Work instructions. Repeat the listing word for word, but skip any pictures.

Recorded information.
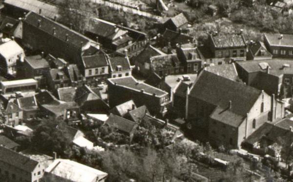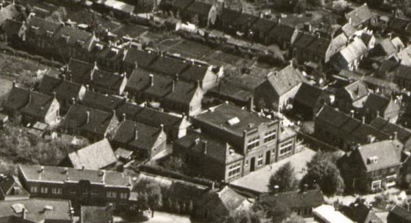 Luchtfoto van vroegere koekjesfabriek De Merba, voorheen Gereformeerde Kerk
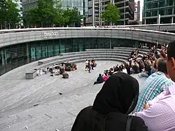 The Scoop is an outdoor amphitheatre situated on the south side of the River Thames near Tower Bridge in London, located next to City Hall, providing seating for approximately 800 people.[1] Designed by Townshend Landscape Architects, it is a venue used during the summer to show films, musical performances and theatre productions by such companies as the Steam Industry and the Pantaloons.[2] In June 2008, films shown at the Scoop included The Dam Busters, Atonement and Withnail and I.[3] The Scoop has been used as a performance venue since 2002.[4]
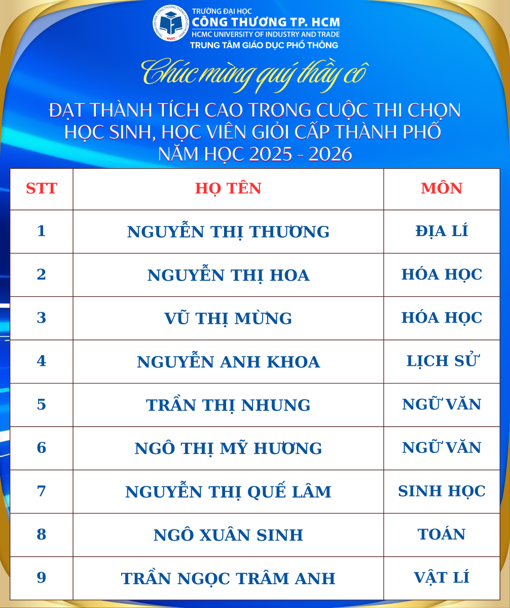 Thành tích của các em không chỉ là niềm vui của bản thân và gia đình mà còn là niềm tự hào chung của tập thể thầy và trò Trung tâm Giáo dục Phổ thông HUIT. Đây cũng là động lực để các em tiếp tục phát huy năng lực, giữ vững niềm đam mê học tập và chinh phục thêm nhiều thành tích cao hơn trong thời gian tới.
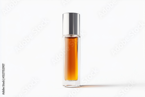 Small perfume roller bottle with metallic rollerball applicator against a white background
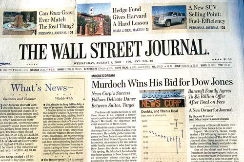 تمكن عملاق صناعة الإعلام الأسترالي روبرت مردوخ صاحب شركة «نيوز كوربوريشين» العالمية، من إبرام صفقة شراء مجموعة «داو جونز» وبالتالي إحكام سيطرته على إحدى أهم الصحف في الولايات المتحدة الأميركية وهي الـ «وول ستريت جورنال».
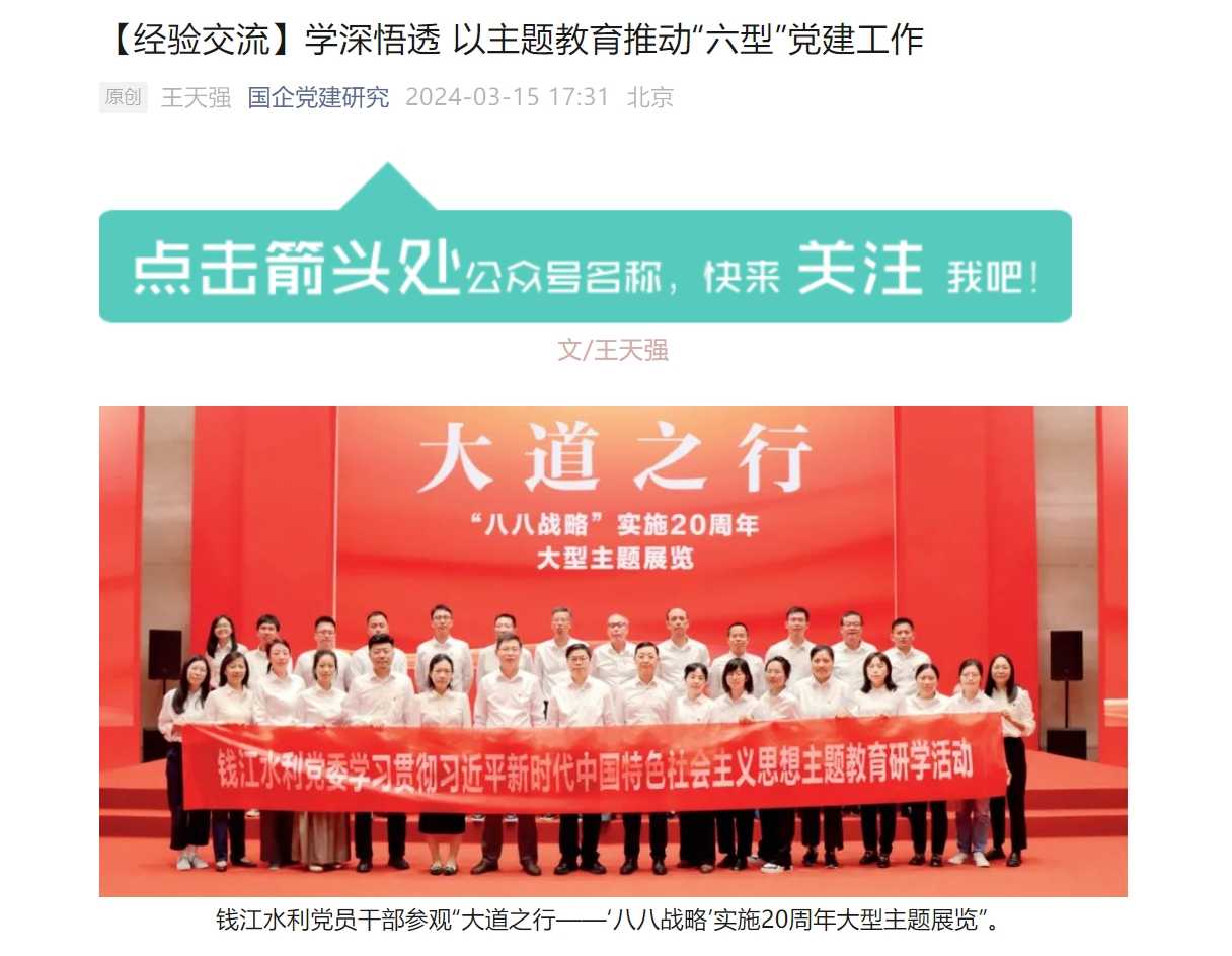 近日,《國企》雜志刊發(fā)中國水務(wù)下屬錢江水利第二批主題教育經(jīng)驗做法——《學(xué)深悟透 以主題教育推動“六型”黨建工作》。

Answer section.
 Luchtfoto van vroegere koekjesfabriek De Merba, voorheen Gereformeerde Kerk
 The Scoop is an outdoor amphitheatre situated on the south side of the River Thames near Tower Bridge in London, located next to City Hall, providing seating for approximately 800 people.[1] Designed by Townshend Landscape Architects, it is a venue used during the summer to show films, musical performances and theatre productions by such companies as the Steam Industry and the Pantaloons.[2] In June 2008, films shown at the Scoop included The Dam Busters, Atonement and Withnail and I.[3] The Scoop has been used as a performance venue since 2002.[4]
 Thành tích của các em không chỉ là niềm vui của bản thân và gia đình mà còn là niềm tự hào chung của tập thể thầy và trò Trung tâm Giáo dục Phổ thông HUIT. Đây cũng là động lực để các em tiếp tục phát huy năng lực, giữ vững niềm đam mê học tập và chinh phục thêm nhiều thành tích cao hơn trong thời gian tới.
 Small perfume roller bottle with metallic rollerball applicator against a white background
 تمكن عملاق صناعة الإعلام الأسترالي روبرت مردوخ صاحب شركة «نيوز كوربوريشين» العالمية، من إبرام صفقة شراء مجموعة «داو جونز» وبالتالي إحكام سيطرته على إحدى أهم الصحف في الولايات المتحدة الأميركية وهي الـ «وول ستريت جورنال».
 近日,《國企》雜志刊發(fā)中國水務(wù)下屬錢江水利第二批主題教育經(jīng)驗做法——《學(xué)深悟透 以主題教育推動“六型”黨建工作》。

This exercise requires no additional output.